• **EXERCISE MATERIALS**
====

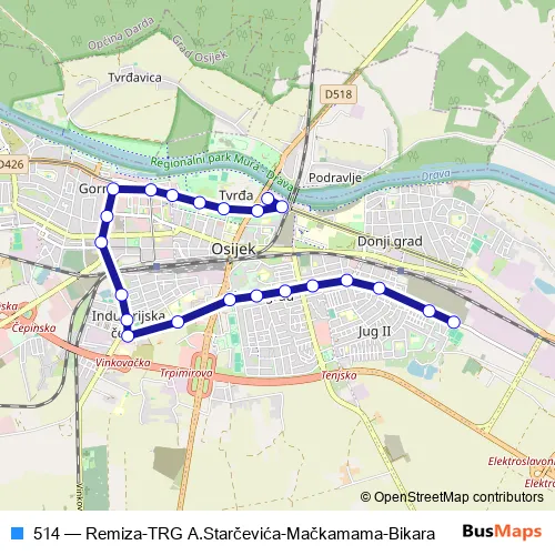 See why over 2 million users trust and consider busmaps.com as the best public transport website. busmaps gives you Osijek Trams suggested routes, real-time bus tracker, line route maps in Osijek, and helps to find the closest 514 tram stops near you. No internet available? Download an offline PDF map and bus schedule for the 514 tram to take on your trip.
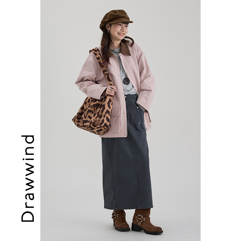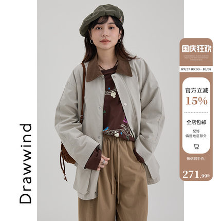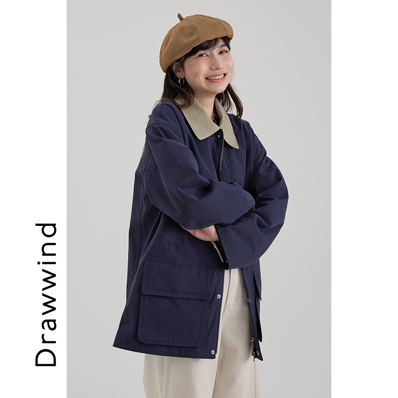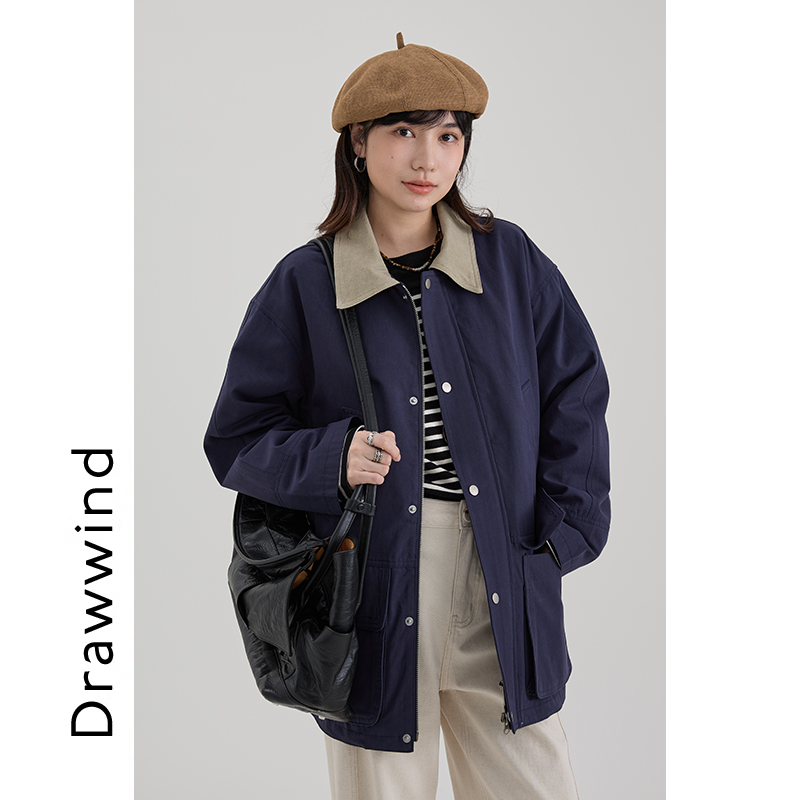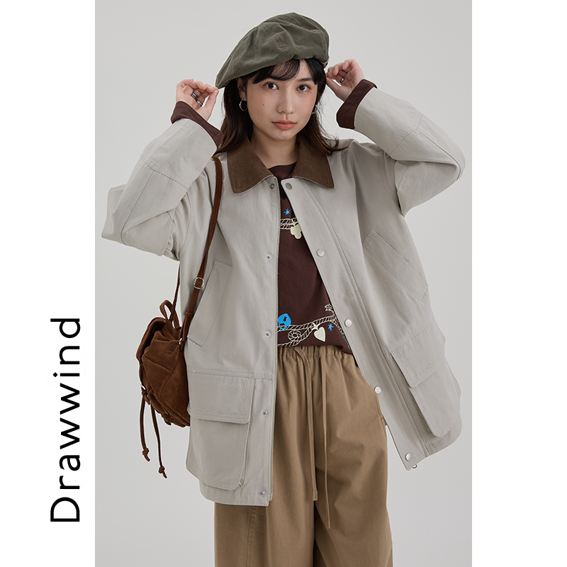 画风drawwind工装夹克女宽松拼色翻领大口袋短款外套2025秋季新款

====

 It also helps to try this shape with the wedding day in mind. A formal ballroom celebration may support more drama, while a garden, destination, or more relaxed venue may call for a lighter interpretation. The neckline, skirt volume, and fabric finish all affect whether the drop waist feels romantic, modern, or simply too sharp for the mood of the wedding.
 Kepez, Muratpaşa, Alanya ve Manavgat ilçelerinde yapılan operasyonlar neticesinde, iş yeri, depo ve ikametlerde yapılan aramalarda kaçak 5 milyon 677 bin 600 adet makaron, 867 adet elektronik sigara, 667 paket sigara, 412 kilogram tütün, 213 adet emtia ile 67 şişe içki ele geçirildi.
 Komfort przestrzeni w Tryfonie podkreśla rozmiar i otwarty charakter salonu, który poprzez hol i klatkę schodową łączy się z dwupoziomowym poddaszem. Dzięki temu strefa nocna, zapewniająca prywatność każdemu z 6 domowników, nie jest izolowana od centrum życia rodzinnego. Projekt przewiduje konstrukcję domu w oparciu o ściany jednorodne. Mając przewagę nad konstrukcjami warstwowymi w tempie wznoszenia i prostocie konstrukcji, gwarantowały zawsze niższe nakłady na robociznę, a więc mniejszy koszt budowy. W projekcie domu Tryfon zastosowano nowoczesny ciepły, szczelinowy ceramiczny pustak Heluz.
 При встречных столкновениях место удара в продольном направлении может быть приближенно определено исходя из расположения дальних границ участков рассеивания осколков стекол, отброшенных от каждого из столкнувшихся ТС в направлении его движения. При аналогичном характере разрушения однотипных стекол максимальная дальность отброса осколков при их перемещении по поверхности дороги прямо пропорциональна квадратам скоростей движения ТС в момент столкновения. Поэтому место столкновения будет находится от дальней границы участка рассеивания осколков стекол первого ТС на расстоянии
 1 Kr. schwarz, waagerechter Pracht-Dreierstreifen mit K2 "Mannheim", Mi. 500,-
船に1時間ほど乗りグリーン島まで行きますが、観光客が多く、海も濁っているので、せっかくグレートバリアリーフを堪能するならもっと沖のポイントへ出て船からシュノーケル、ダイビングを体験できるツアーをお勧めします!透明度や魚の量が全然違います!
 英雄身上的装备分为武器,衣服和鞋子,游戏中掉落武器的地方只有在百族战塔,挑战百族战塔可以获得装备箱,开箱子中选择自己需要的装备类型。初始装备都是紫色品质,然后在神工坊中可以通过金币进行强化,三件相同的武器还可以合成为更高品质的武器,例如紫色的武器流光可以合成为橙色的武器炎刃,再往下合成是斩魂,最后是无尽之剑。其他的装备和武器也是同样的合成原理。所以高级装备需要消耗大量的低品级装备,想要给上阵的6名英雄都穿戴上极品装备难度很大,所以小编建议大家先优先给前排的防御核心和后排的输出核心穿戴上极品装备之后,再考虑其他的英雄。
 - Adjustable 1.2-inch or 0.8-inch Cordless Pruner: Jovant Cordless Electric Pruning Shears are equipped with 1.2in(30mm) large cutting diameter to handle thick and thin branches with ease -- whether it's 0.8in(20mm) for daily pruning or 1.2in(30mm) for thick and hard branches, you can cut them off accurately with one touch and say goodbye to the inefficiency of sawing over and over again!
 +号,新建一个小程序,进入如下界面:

====

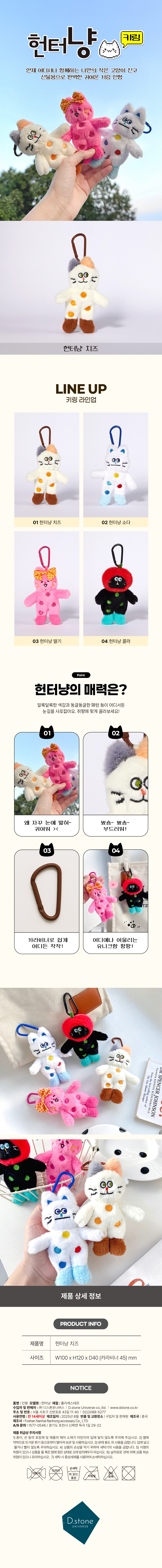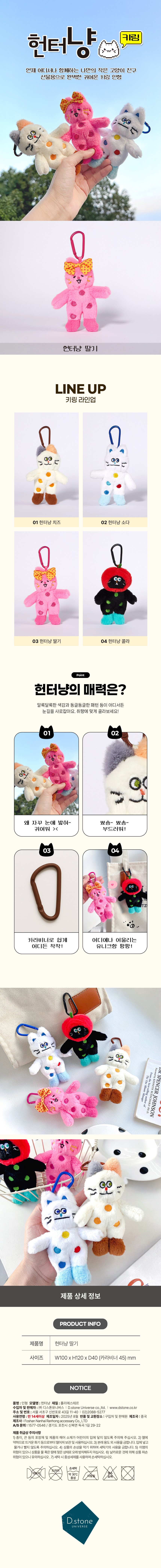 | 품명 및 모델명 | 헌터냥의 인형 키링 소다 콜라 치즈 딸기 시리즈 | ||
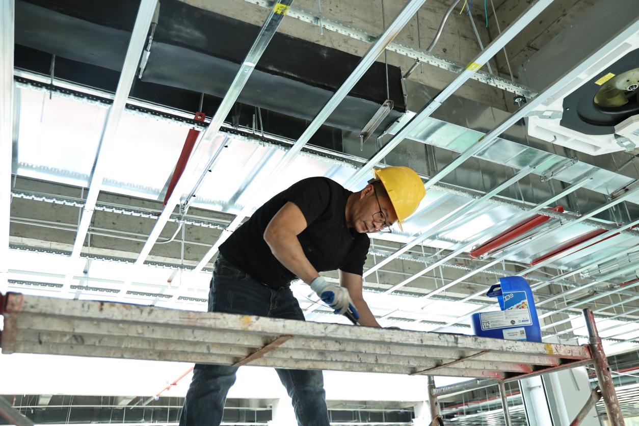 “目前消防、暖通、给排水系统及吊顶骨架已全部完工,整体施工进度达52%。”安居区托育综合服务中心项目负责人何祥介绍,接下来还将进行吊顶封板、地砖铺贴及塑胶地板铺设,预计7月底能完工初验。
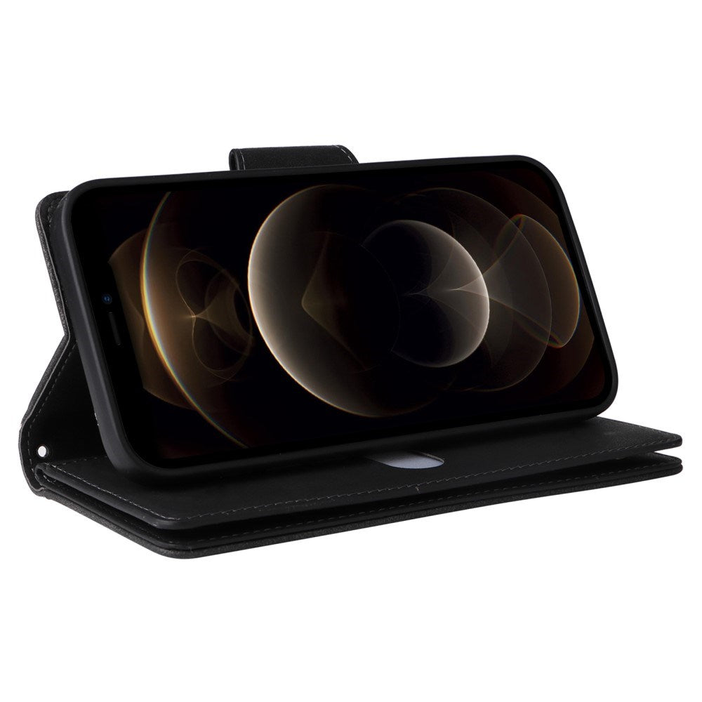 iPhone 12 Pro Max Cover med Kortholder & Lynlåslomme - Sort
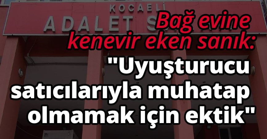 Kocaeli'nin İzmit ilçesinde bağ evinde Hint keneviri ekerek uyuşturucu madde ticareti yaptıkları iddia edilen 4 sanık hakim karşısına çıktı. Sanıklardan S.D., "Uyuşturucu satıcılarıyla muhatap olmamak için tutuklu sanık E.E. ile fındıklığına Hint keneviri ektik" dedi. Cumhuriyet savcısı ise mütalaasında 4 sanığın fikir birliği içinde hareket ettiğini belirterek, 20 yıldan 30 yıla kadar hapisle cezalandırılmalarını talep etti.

====

• **WHAT IS BEING ASKED**
Keep to the stretch from the line containing "See why over" through the line containing "画风drawwind工装夹克女宽松拼色翻领大口袋短款外套2025秋季新款", both ends included, and copy it exactly from the listing above, minus the pictures.

• **EXERCISE SOLUTION**
 See why over 2 million users trust and consider busmaps.com as the best public transport website. busmaps gives you Osijek Trams suggested routes, real-time bus tracker, line route maps in Osijek, and helps to find the closest 514 tram stops near you. No internet available? Download an offline PDF map and bus schedule for the 514 tram to take on your trip.
 画风drawwind工装夹克女宽松拼色翻领大口袋短款外套2025秋季新款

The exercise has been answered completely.